Now compare this to string_view:
callStringView(std::basic_string_view<char, std::char_traits<char> >): # @callStringView(std::basic_string_view<char, std::char_traits<char> >)
movq %rdi, staticStringView(%rip)
movq %rsi, staticStringView+8(%rip)
retq
Obviously, this doesn't own the string-data, so it has the change for dangling pointers. However, the difference is night and day. And now for my main point:
callStringPtr(std::unique_ptr<char [], std::default_delete<char []> >): # @callStringPtr(std::unique_ptr<char [], std::default_delete<char []> >)
movq (%rdi), %rax
movq $0, (%rdi)
movq staticStringPtr(%rip), %rdi
movq %rax, staticStringPtr(%rip)
testq %rdi, %rdi
jne operator delete[](void*)@PLT # TAILCALL
retq
This is the variant that uses a char[]-pointer. Obiviously I left out the end-ptr/size argument, but that would only be 1-2 instructions more.

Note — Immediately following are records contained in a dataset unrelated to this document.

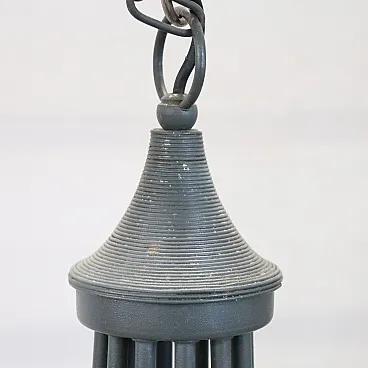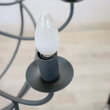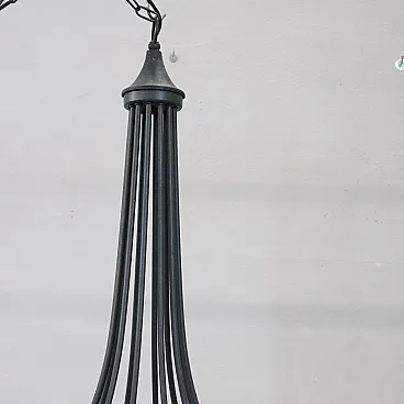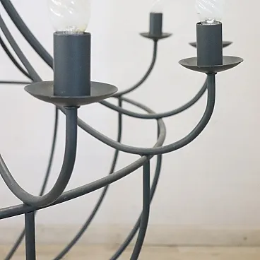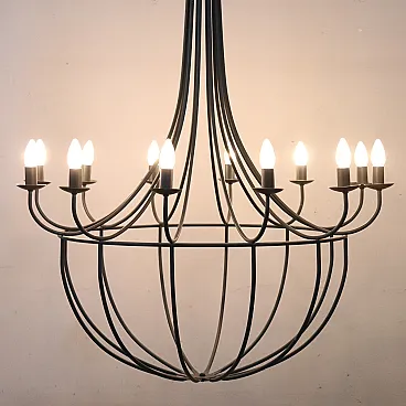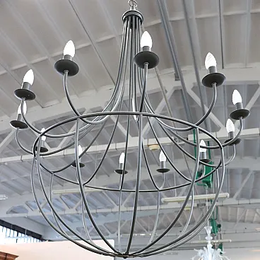We present this unique and majestic black iron chandelier, dating back to the second half of the 20th century (around the 1980s), a piece of great visual impact thanks to its imposing dimensions. Its distinctive design evokes a sense of timeless elegance, combined with a modern minimalist style. The chandelier has the characteristic shape of a balloon, or hot air balloon (as it is called in Italy), from which twelve arms branch out, each designed to house a light bulb, creating a balanced and symmetrical appearance that enhances its decorative value.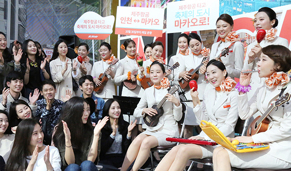 마카오 신규 취항을 홍보하는 거리공연을 펼쳤다. <사진출처=제주항공>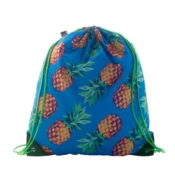 Individueller Turnbeutel mit verstärkten Ecken aus Kunstleder und farblich abgestimmten Zugkordeln, Material: 190T RPET Polyester. Der Preis ist inkl. vollflächigem Sublimationsdruck und RPET-Label. Mindestmenge: 25 Stk.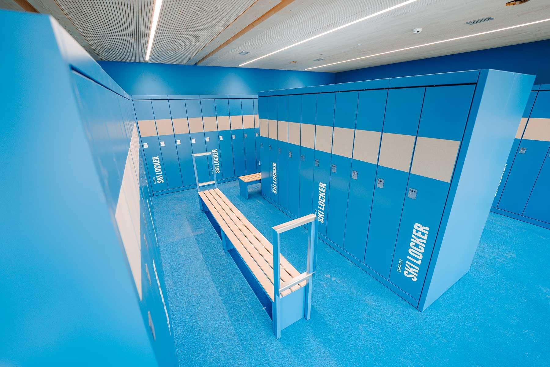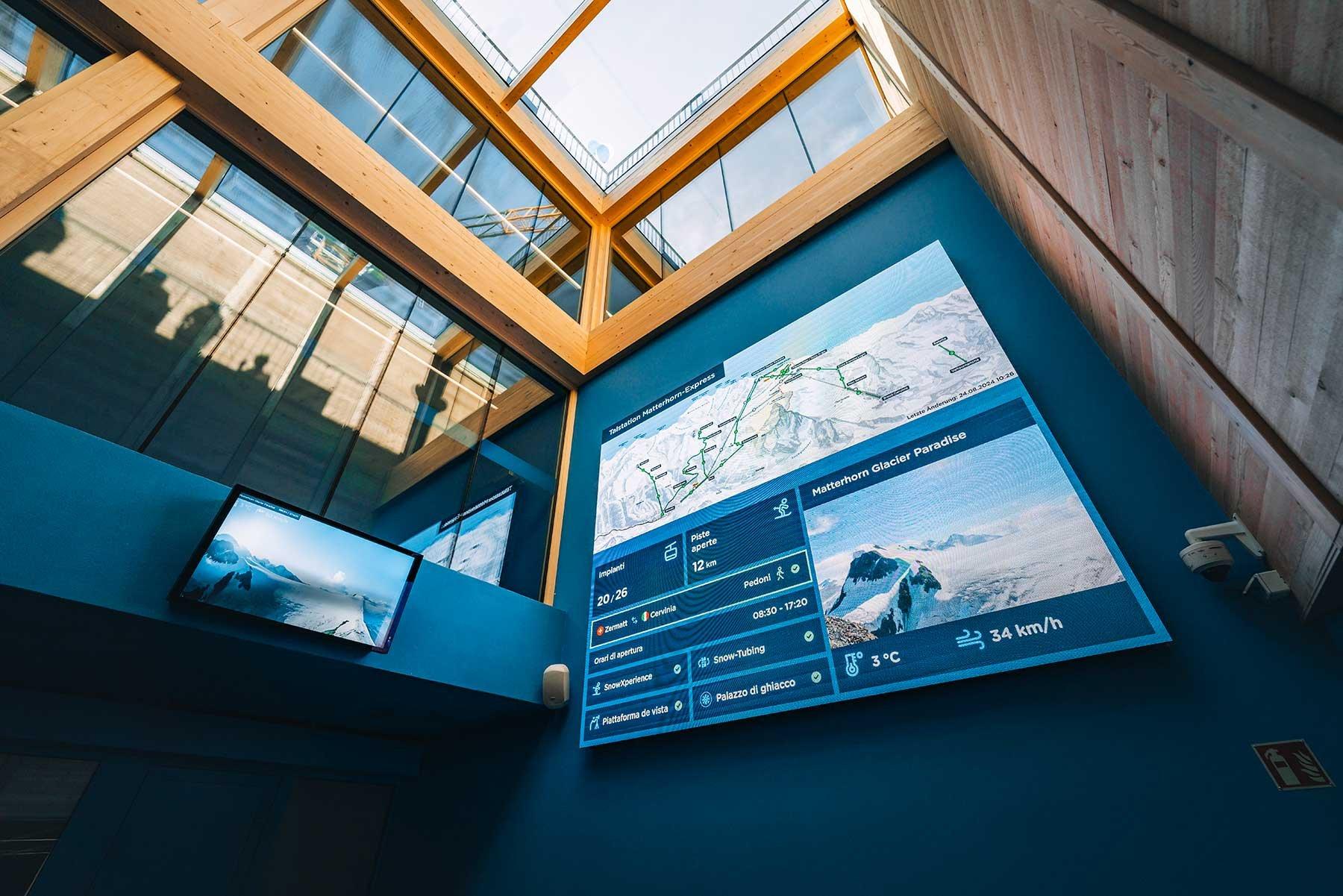 De plus, un grand mur de LED et plusieurs écrans numériques installés dans la zone d’accès aux remontées donnent des informations importantes en temps réel sur le statut des remontées. Le rez-de-chaussée et le premier étage proposent de nouveaux casiers à skis pouvant être utilisés pour y déposer son matériel. Le premier étage dispose également de vastes installations sanitaires.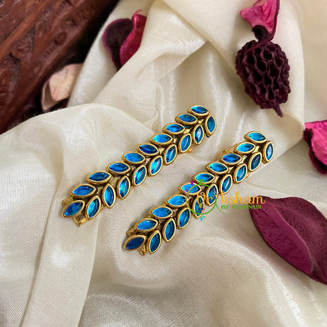 Kundan Hair Clip-Glossy Blue Leaf pattern Hair Clip- Pair of Kundan hair clips. Both adults and Kids wearable.
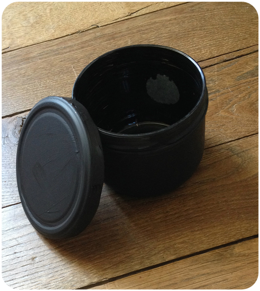 Passer deux couches de gesso noir sur votre support. Ici un bocal en verre avec un couvercle métal. Le gesso s’applique très facilement et laisse un fini mat.
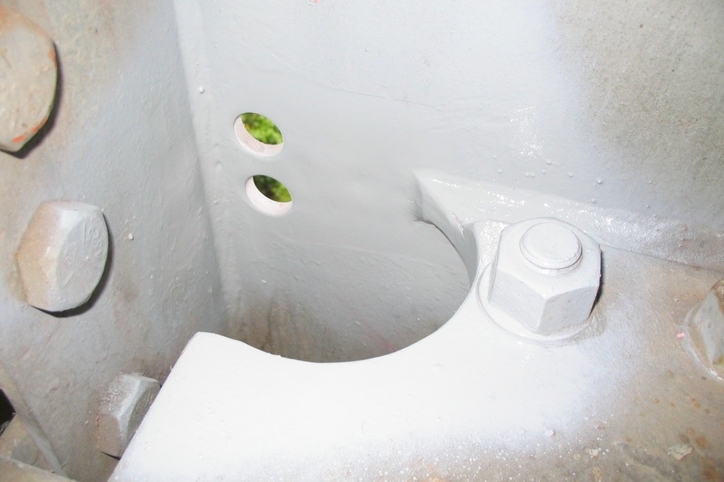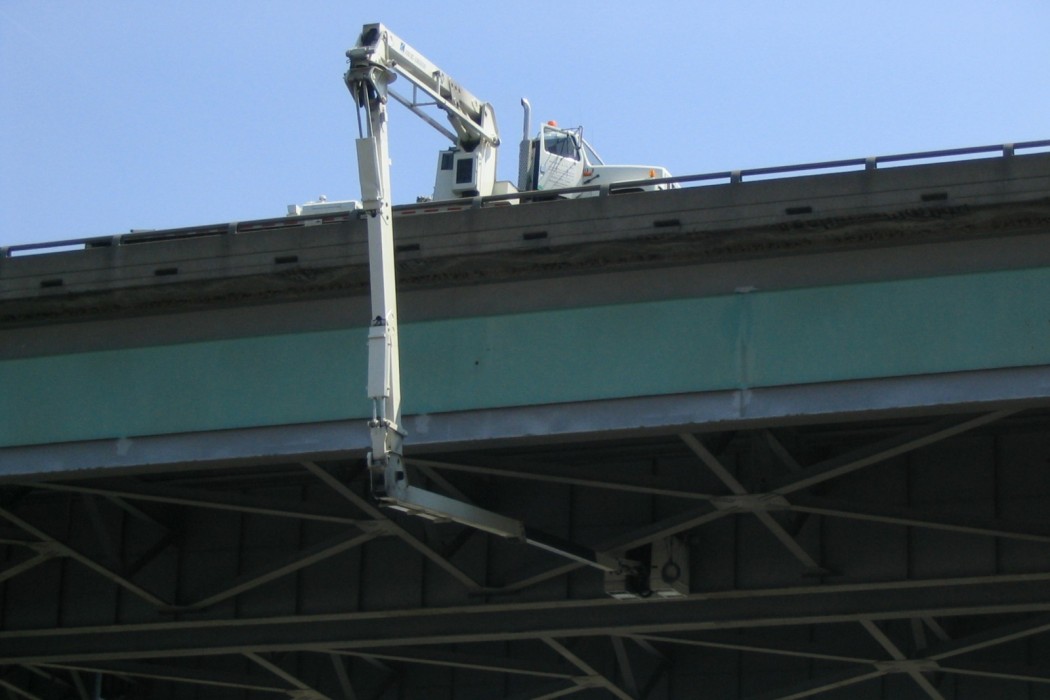 WJE performed a comprehensive evaluation of the bridge. Hands-on inspections were performed using visual and magnetic particle test methods. Light grinding was performed at locations where paint or weld overlaps obscured visual inspection access. Cracking was identified at more than seventy-five locations, including some locations with multiple cracks. A testing program was then carried out to measure the live load response of the structure at selected details. This program included instrumentation to monitor more than 150 strain gage and displacement channels during twenty-one separate test setups located throughout the bridge. Measurements were made under both control truck loadings and normal traffic. Based on the inspection and testing results, WJE engineers concluded that the cracking resulted from out-of-plane displacement and restraint forces at connections of various floor beams and lateral members to the main girders. The engineers then developed redundancy retrofit options as well as long-term fatigue and fracture retrofits to address fatigue-sensitive details. In the final phase of the project, WJE was retained under a specialty engineering contract to retrofit details susceptible to distortion-induced cracking or fracture due to high residual stresses or embedded defects. WJE crews installed several hundred retrofits throughout the bridge, including crack arrest holes, weld repairs, and core drilling of connection elements.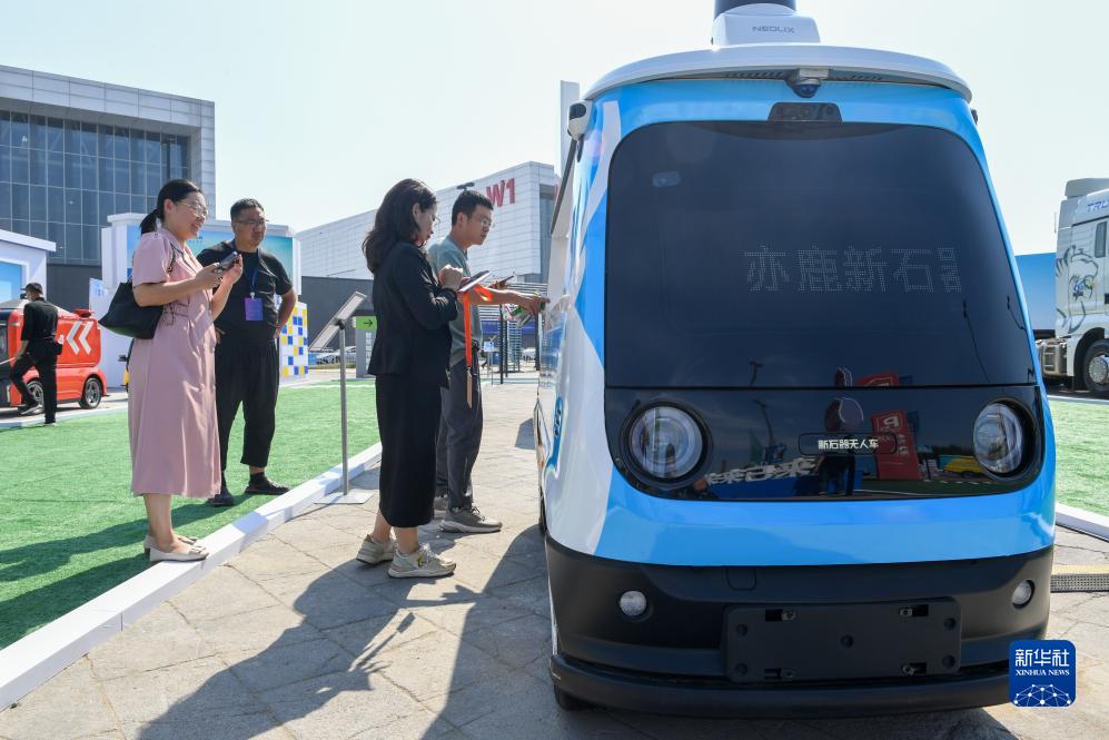 9月21日,在2023世界智能網聯汽車大會室外展區,幾位參觀者在一輛無人零售車前體驗購買商品。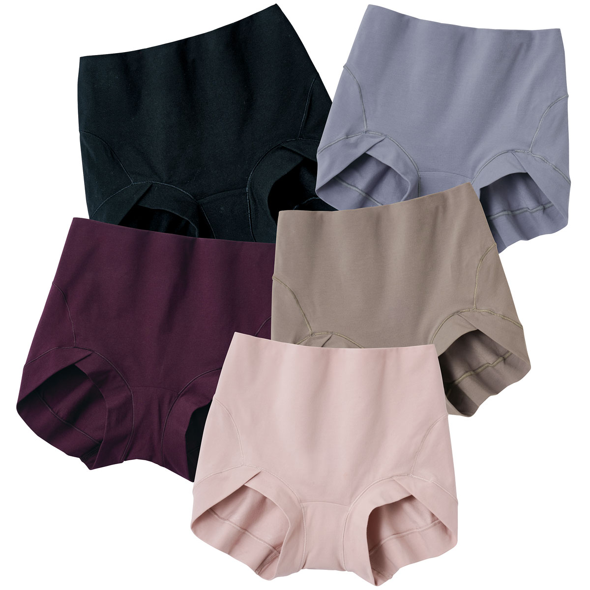 (1)フロントは生地2重、下腹は3重仕立て(2)レース・ゴムもなく不快なくい込みも軽減(3)お腹もヒップもすっぽり包み込む(4)フィット感の高いハイパワー天竺。肌にやさしい綿80%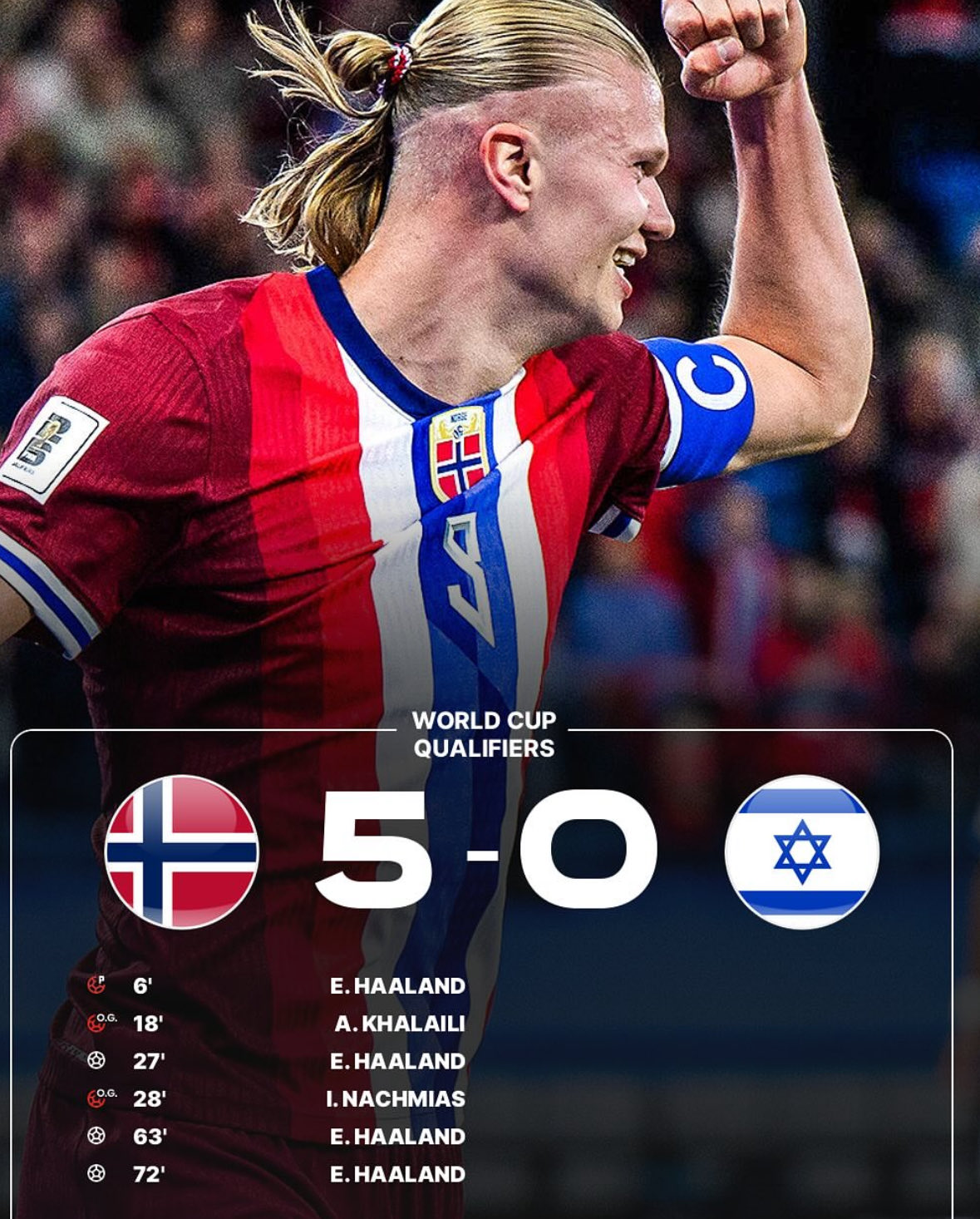 Trước đôi thủ chỉ là Israel, Na Uy với phong độ xuất sắc của Haaland với cú hat-trick ấn tượng đã dễ dàng đánh bại đối thủ với tỷ số 5-0. Như vậy, Haaland đã ghi 51 bàn chỉ sau 46 lần ra sân cho tuyển quốc gia.
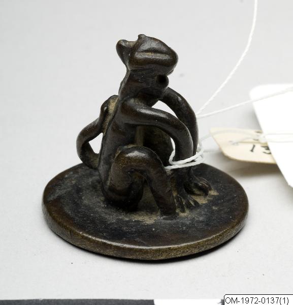 This seal has a relatively thin bottom plate and a handle in the shape of a sitting animal. The animal figure has whimsical-looking, curved legs with paws and a long tail. The animal appears to have a...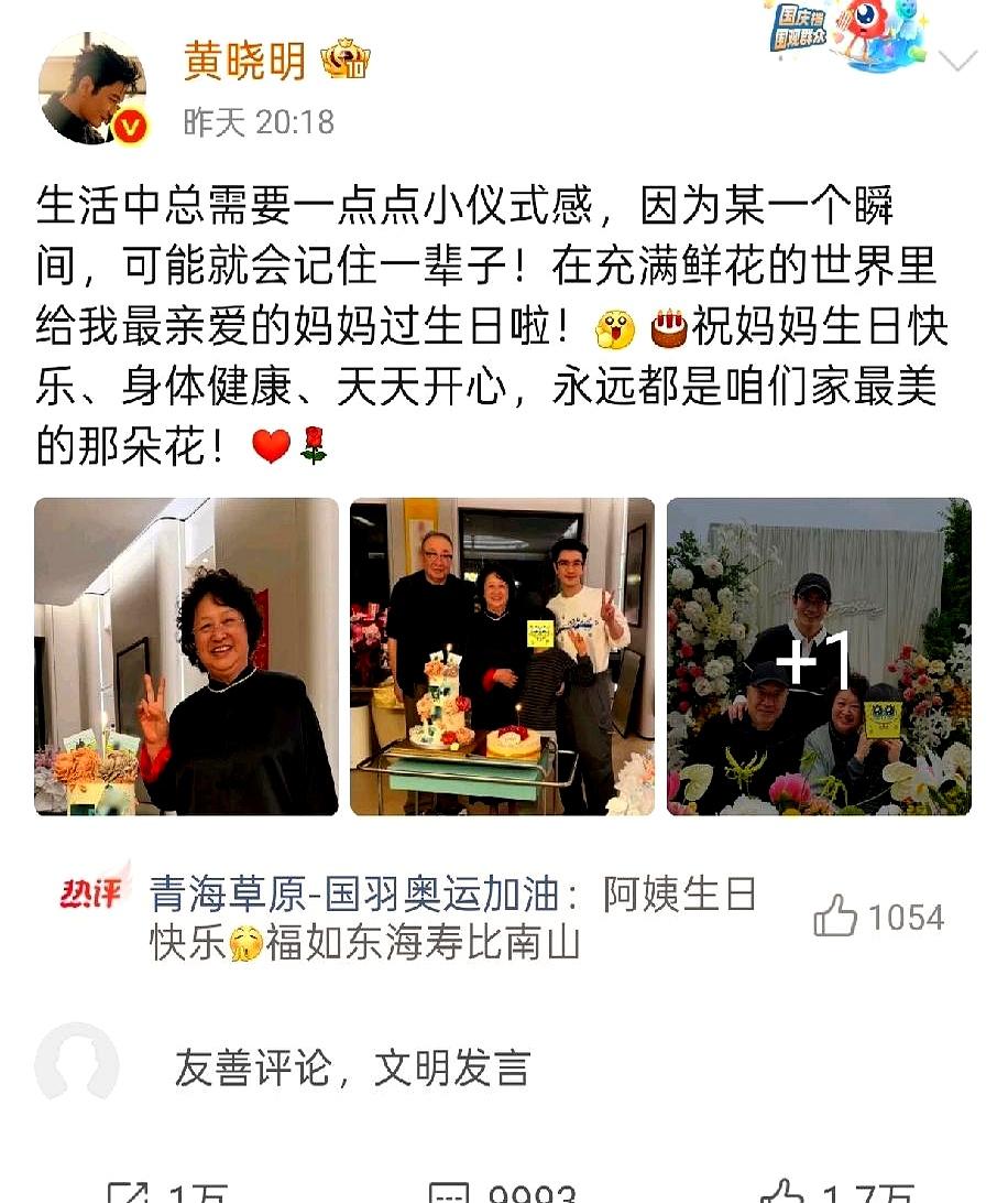 黄晓明又带小海绵出镜了,这次是给奶奶过生日! 一家四口合照,小海绵就靠在爸爸身边,只露了个小小的侧脸和背影,保护得真好。 没有大排场,没请圈内朋友,就是家人安安静静吃个饭。 黄晓明那条动态写得挺实在,说妈妈是“家里最美的那朵花”,听着就暖心。 他眼里全是笑,老太太捧着花,那感觉真不是演出来的。 这几年他晒的动态,基本都是陪家人,感觉人到中年,是真把重心放家里了。 话说回来,这种不铺张、只走心的家庭聚会,感觉还挺舒服的?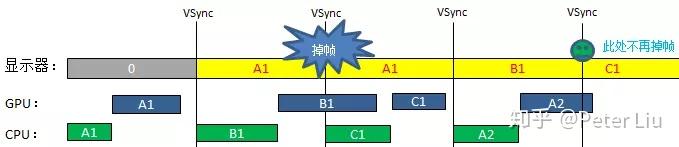 而当一帧画面绘制完成后,电子枪回复到原位,准备画下一帧前,显示器会发出一个垂直同步信号(vertical synchronization),简称 VSync。

-----------------------------------------------
So this begs the question. Is it really still a benefit of having to potentially not allocate for small strings, if this causes any copy/move of the string to create an ungodly abomination of assembly having to be executed? The SSO-code can apparently not be optimized in the slightest. Even when passing a constant-string and the function is inlined, it will not be able to remove the execution of the constructors. Since C++11, moves are being use to often safe a lot of expensive copies; so can rvalue-optimizations. std::string seems to mess this up badly. There is also some other downsides as well, like not being able to construct a std::string_view from a std::string when the string is being moved afterwards, etc…
I've been using std::string_view excessively for some time, whenever I don't need to hold on to the string data (or know that it's sources lifetime outlifes the consumer. However, I also started a custom string-class implementation that stores data direclty as a pointer. I didn't start using it everywhere that std::string is currently used, mainly as it's a lot of work, but seeing this mess of a codegen makes me really want to go forward and start porting everything.
So I'm wondering, what is other peoples perspective? If you use std::string, do you actually benefit from its SSO?